The city guards were glaring at me. “Get her out of here,” one of them yelled angrily. “We’ll be lucky if we don’t have a full-fledged riot on our hands.”

The twins had horses waiting. Tamar yanked a blanket from a market stall and threw it around my shoulders. I clutched it to my neck, hiding the collar. She leapt into her saddle, and Tolya tossed me up unceremoniously behind her.

We rode in harried silence all the way back to the palace gates. The unrest outside the city walls had not yet spread within, and all we garnered were a few questioning looks.

The twins didn’t say a word, but I could tell they were furious. They had every right to be. I’d behaved like an idiot, and now I could only hope that the guards below could restore order without resorting to violence.

Yet beneath the panic and regret, an idea had entered my mind. I told myself it was nonsense, wishful thinking, but I could not shake it.

When we arrived back at the Little Palace, the twins wanted to escort me straight to the Darkling’s rooms, but I refused.

“I’m safe now,” I said. “There’s something I need to do.”

They insisted on trailing me to the library.

It didn’t take me long to find what I wanted. I’d been a mapmaker, after all. I tucked the book under my arm and returned to my room with my scowling guards in tow.
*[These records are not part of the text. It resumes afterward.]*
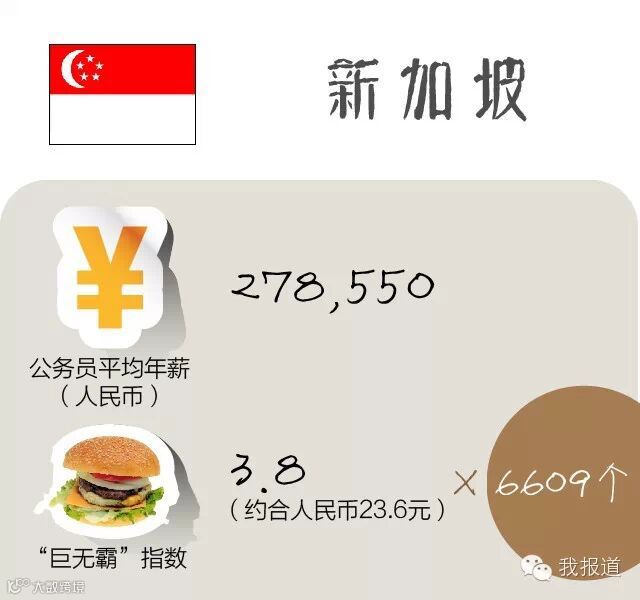 根据新加坡公共服务部数据显示,一个刚工作的公务员月薪最高约为2,800新币(约合13000人民币),之后逐级提高,最高可达16,540新币(约合76792人民币)。按照新加坡“巨无霸指数”,一位刚毕业的公务员一年可买6609个巨无霸。
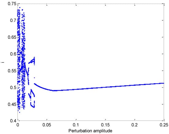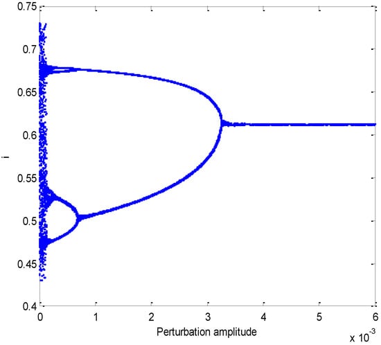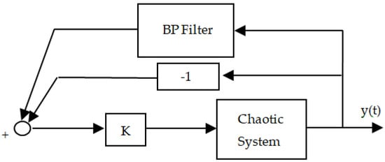 Next, the authors present one of the possible approaches with closed loops to stabilize the unstable periodic orbits []. This method relies on perturbing a system variable instead of a control parameter. This feature is preferred in all the cases where the control parameters are strongly influenced by external conditions and their alteration is harder to achieve. To illustrate, we consider the control diagram described in Figure 2.
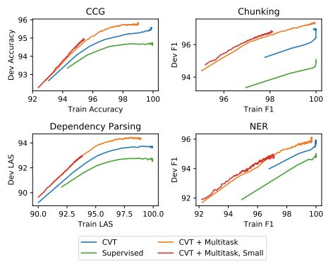 多个任务的标注数据对多任务系统的学习很有用,但是大部分数据集只为一个任务而标注。因此多任务 CVT 的一个好处就是模型基于无标注数据创建了适用所有任务的(artificial)标注数据。这显著改善了模型的数据效率、缩短了训练时间。由于运行预测模块计算成本较低,因此计算用于多个任务的 LCVT 并不比单任务模型慢多少。但是,我们发现适用所有任务的标注数据可以大幅加速模型收敛速度。例如,在六个任务上训练的 CVT 模型收敛时间大约是单个任务上模型的平均收敛时间的 3 倍,总训练时间降低了 50%。
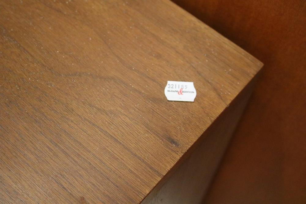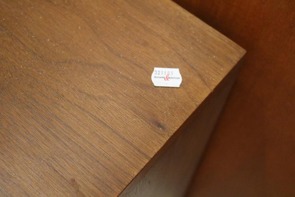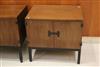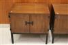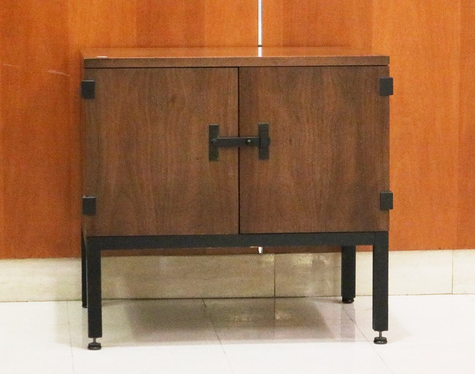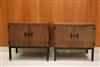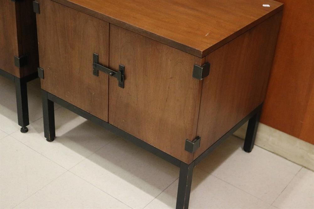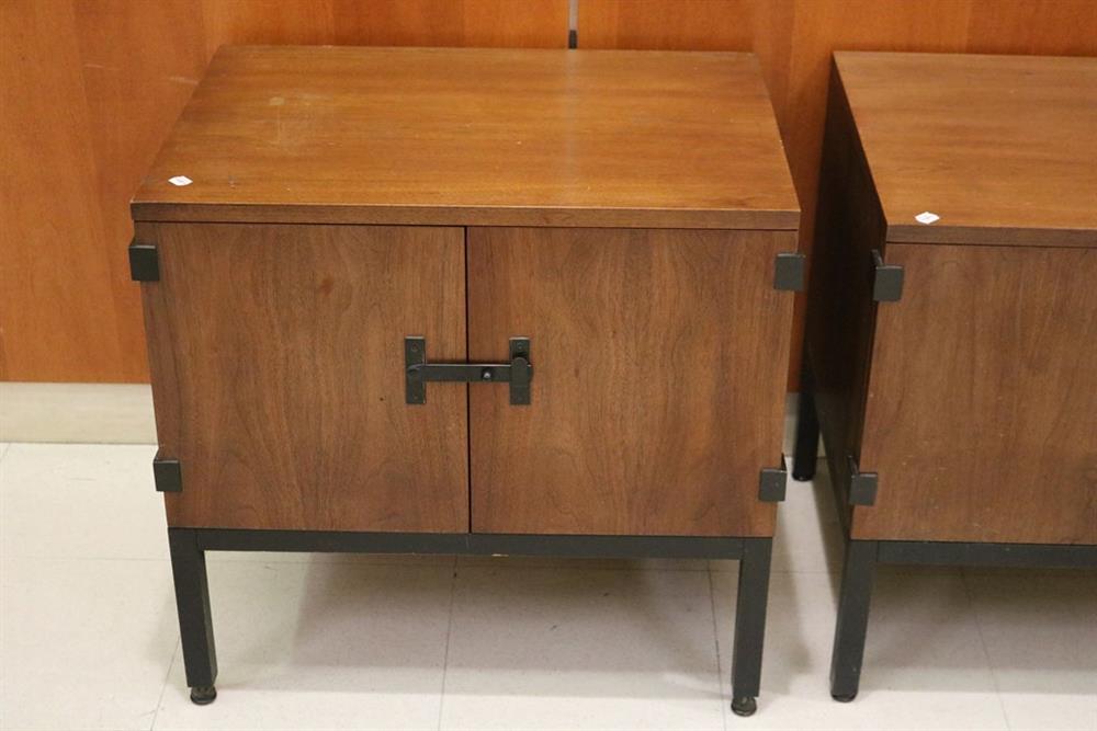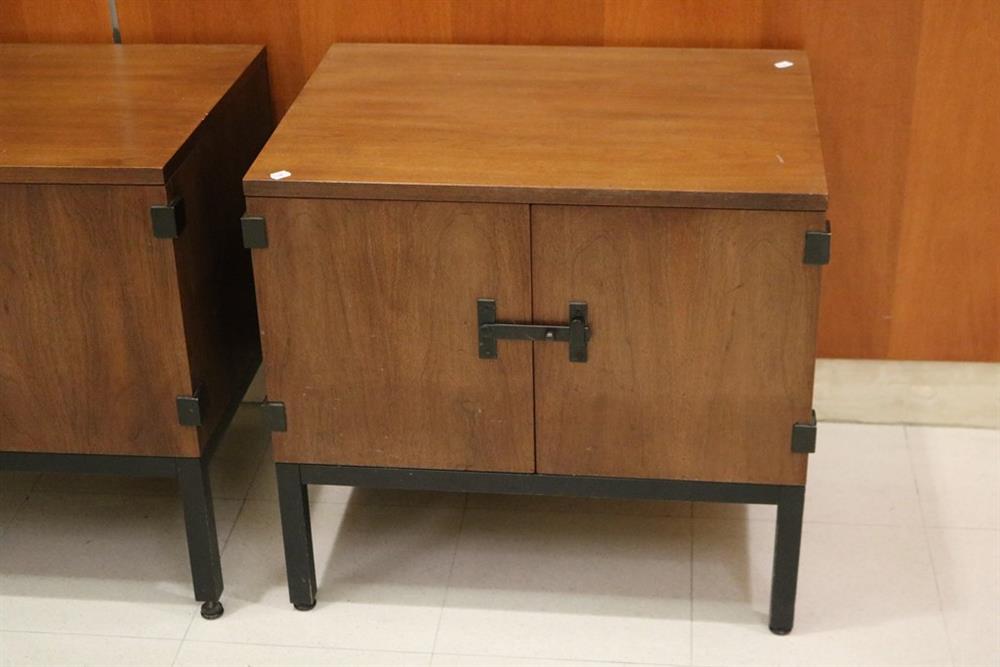 PAIR MID-CENTURY MODERN WALNUT BEDSIDE STANDS BY MILO BAUGHMAN FOR DIRECTIONAL. Each with pair cabinet doors; ebonized geometric mounts and latches - H: 22 in. W: 24 1/4 in. D: 18 1/4 in.Estimate $500-1,000

To my surprise, Mal was waiting in the common room. He was seated at the table, nursing a glass of tea.

“Where were—” Mal began, but Tolya had him out of his chair and slammed against the wall before I could even blink.

“Where were you?” he snarled into Mal’s face.

“Tolya!” I shouted in alarm. I tried to pull his hand from around Mal’s throat, but it was like trying to bend a steel bar. I turned to Tamar for help, but she stood back, arms crossed, looking just as angry as her brother.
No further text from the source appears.